1.3. Section 3.2, Reactor Vessel, of Attachment 4 to your submittal dated September 18, 2006, states that the upper shelf energy evaluation of the reactor pressure vessel is provided in Table 3-2, Hope Creek Upper Shelf Energy - 40 Year Life (32 EFPY). In Table 3-2, heat 10024/1 for the LPCI nozzle forging specifies a copper content of 0.14 percent. However, in the Hope Creek UFSAR, Appendix 5A, Table 5A-6, Heat Treatment and Chemical, Mechanical Properties of Nozzle Material, specifies a copper content of 0.15, while the NRC Reactor Vessel Integrity Database (RVID) specifies a copper content of 0.35 percent. In order for the NRC staff to verify the upper shelf energy evaluation, confirm the copper content of heat 10024/1 for the LPCI nozzle forging, and the basis for the copper content determination. Include a revised upper shelf energy evaluation, if necessary.
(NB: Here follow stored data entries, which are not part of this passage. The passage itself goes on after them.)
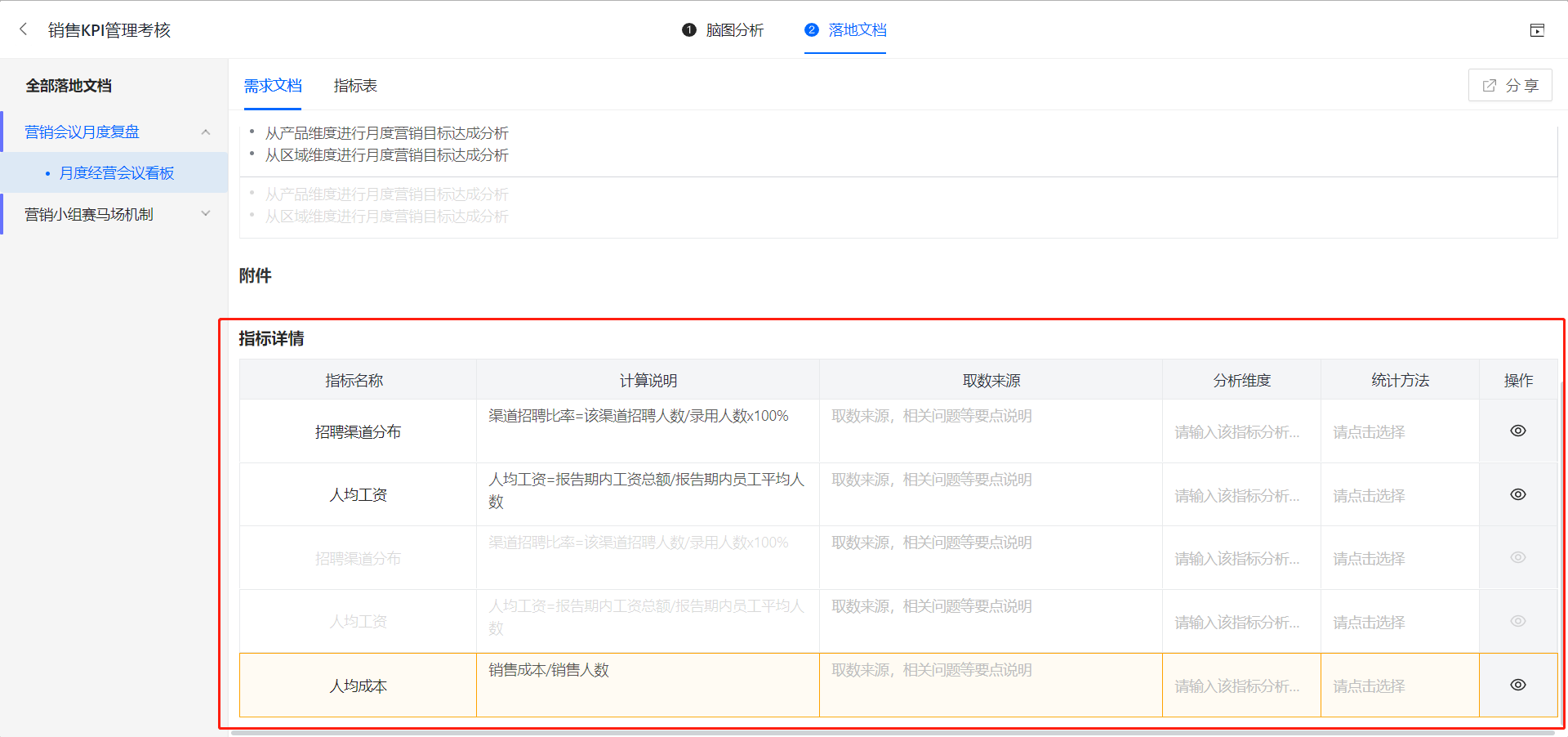 该落地方式用到的所有指标,会汇总在指标表的界面,可以进行再编辑,完善指标内容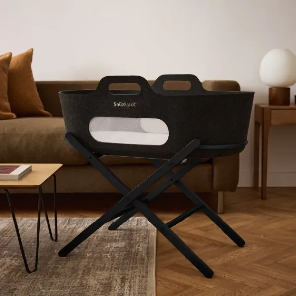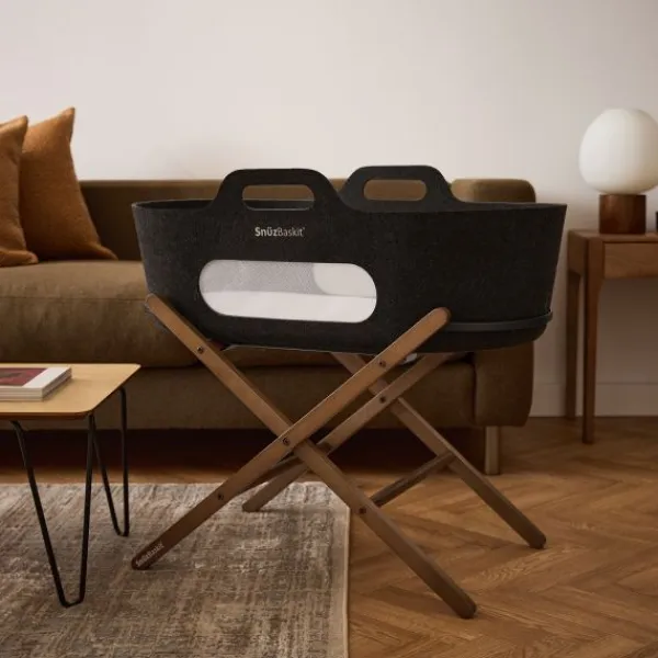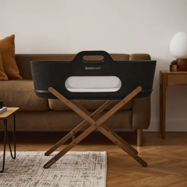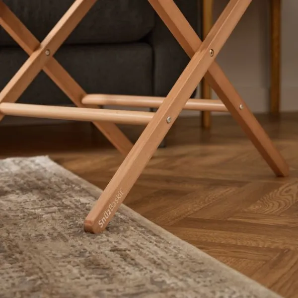 De SnüzBaskit wordt geleverd met een stijlvol bijpassend onderstel, gemaakt van hoogwaardig massief hout. Dit stabiele onderstel zorgt voor een veilige slaapplek en maakt het eenvoudig om de wieg overal in huis te plaatsen. Bovendien kun je kiezen uit verschillende kleuren en bekleding om de set perfect te laten aansluiten bij jouw interieur.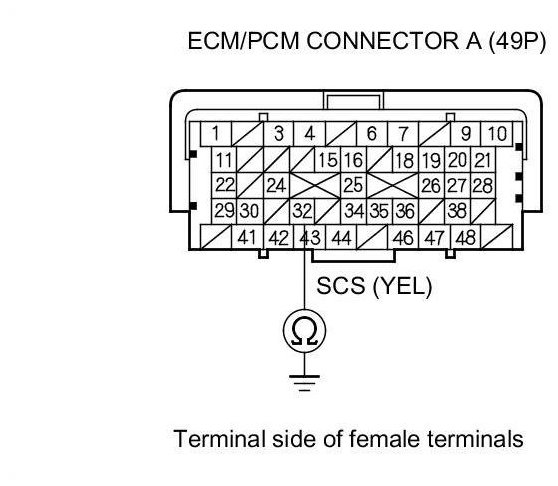 7. Check for continuity between ECM/PCM connector terminal A32 and body ground.
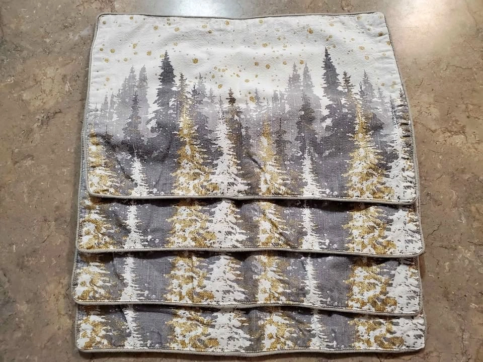 Set of 4 glittery Christmas placemats. Only used as decorative placements for one season. Great condition and freshly washed. 18x12 inches. Cash only.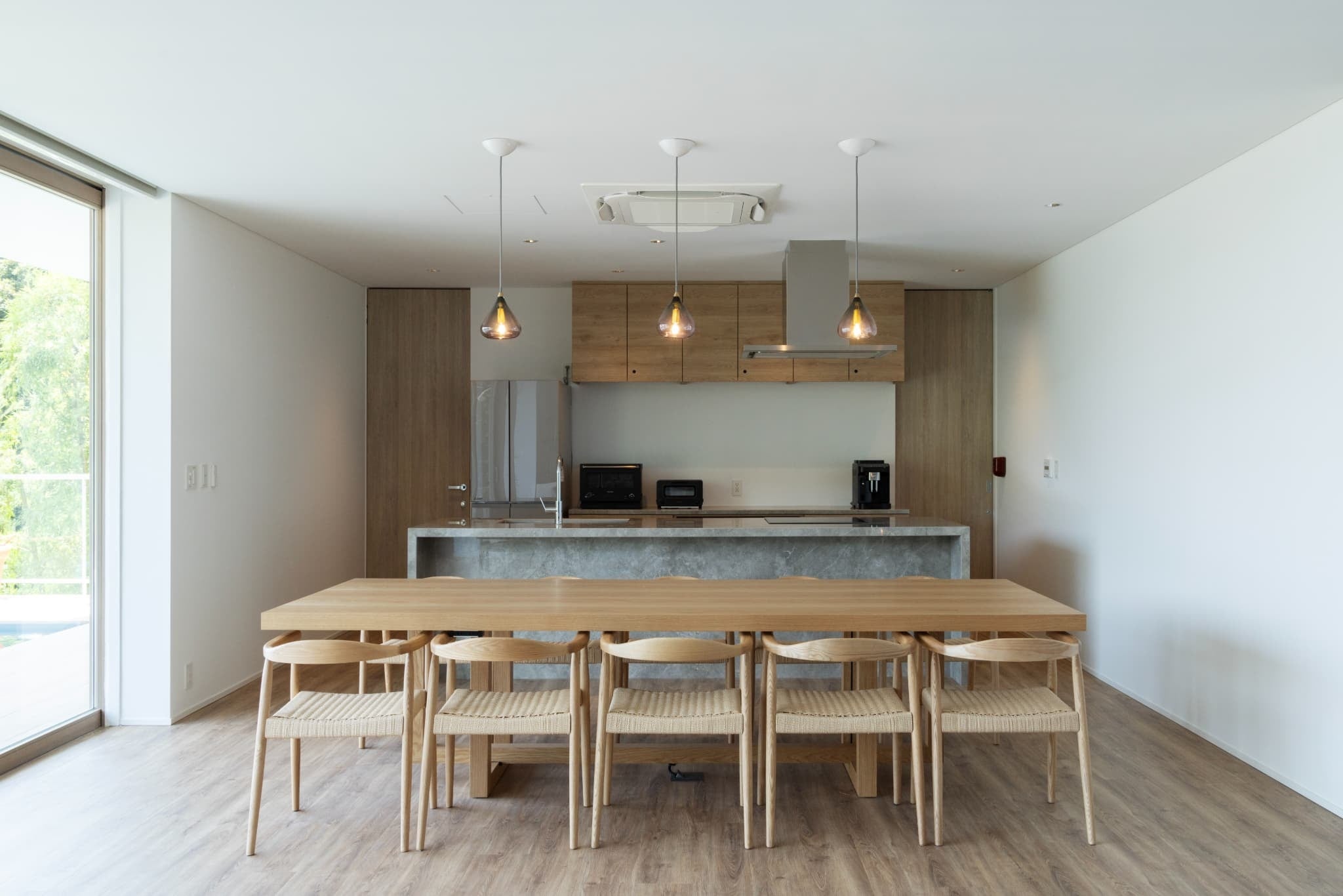 リビングから続くインフィニティプールを介して、熱海の豊かな緑、蒼い大空、青い海といった自然とつながる、心に安らぎを感じられるデザインを目指しました。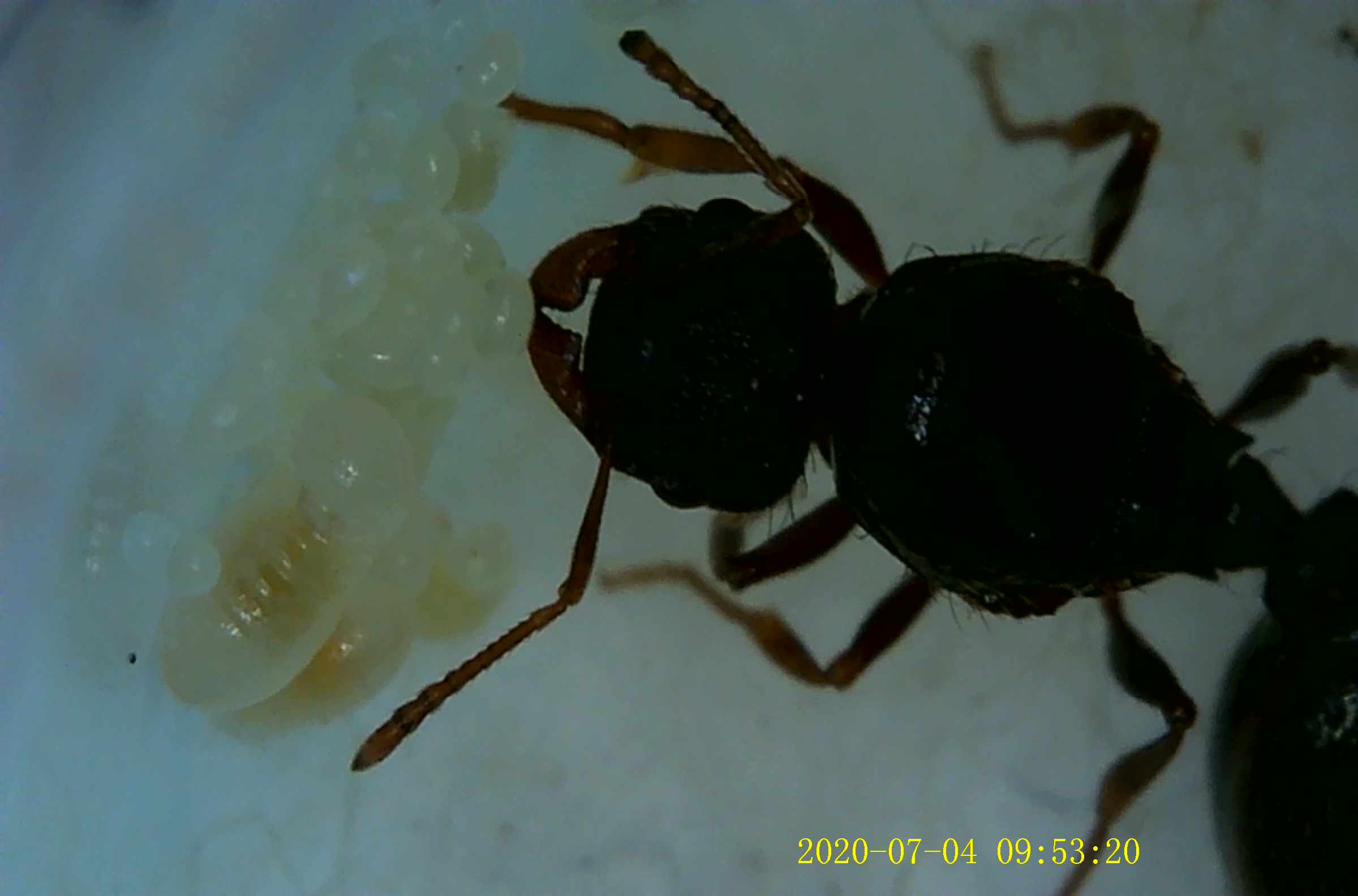 La maggioranza della prole è composta da uova e da poche larve, penso che abbia cominciato a deporre dopo la morte dell'altra regina. L'esperimento per lei termina qui, ora immagino continuerà la sua fondazione normalmente.

1.4 Section 10.7, Plant Life, of Attachment 4 to your submittal dated September 18, 2006, identifies irradiation-assisted stress corrosion cracking (IASCC) as a degradation mechanism influenced by increases in neutron fluence. The licensee also stated that it has a procedurally controlled program that is consistent with the BWRVIP issued documents for the augmented nondestructive examination of selected reactor vessel internal components (core spray piping, core spray spargers, core shroud and core shroud supports, jet pumps and associated components, top guide, lower plenum, vessel ID (inner diameter) attachment welds, and feedwater sparger) in order to ensure their continued structural integrity. In addition, only two components, the top guide and the shroud, are predicted to exceed the BWRVIP-26 threshold fluence level of 5 x 1020 n/cm2 (E > 1 MeV). This section indicates that the current inspection strategy for reactor internal components is expected to be adequate to manage any potential effects of EPU. Based on this, provide the following:

a) Confirm that the core plate, in-core flux monitoring guide tubes, and control rod guide tubes were considered in the determination of which components exceed the BWRVIP-26 threshold fluence level and become susceptible to cracking due to IASCC.

b) For each vessel internals component that exceeds the IASCC threshold, clarify the current inspection program to be utilized in managing IASCC of the component. Identify the scope, sample size, inspection method, frequency of examination and acceptance criteria for the inspection programs.

c) What BWRVIP documents are credited for these inspections? List any deviations or exceptions to these documents.

1.5 Section 10.7 of the Attachment 4 to the licensees letter dated September 18, 2006, indicates Hope Creek injects hydrogen in the primary system for intergranular stress corrosion cracking (IGSCC) mitigation in the recirculation piping. Reactor water chemistry conditions are maintained consistent with Electric Power Research Institute (EPRI) and established industry guidelines. However, the NRC staff notes that other reactor vessel internals may be susceptible to stress corrosion cracking (SCC) and IGSCC. Therefore, what are the other water chemistry conditions, or other mitigation strategies (i.e., BWRVIP guidelines) that are used to mitigate the potential for SCC and IGSCC for the internal components?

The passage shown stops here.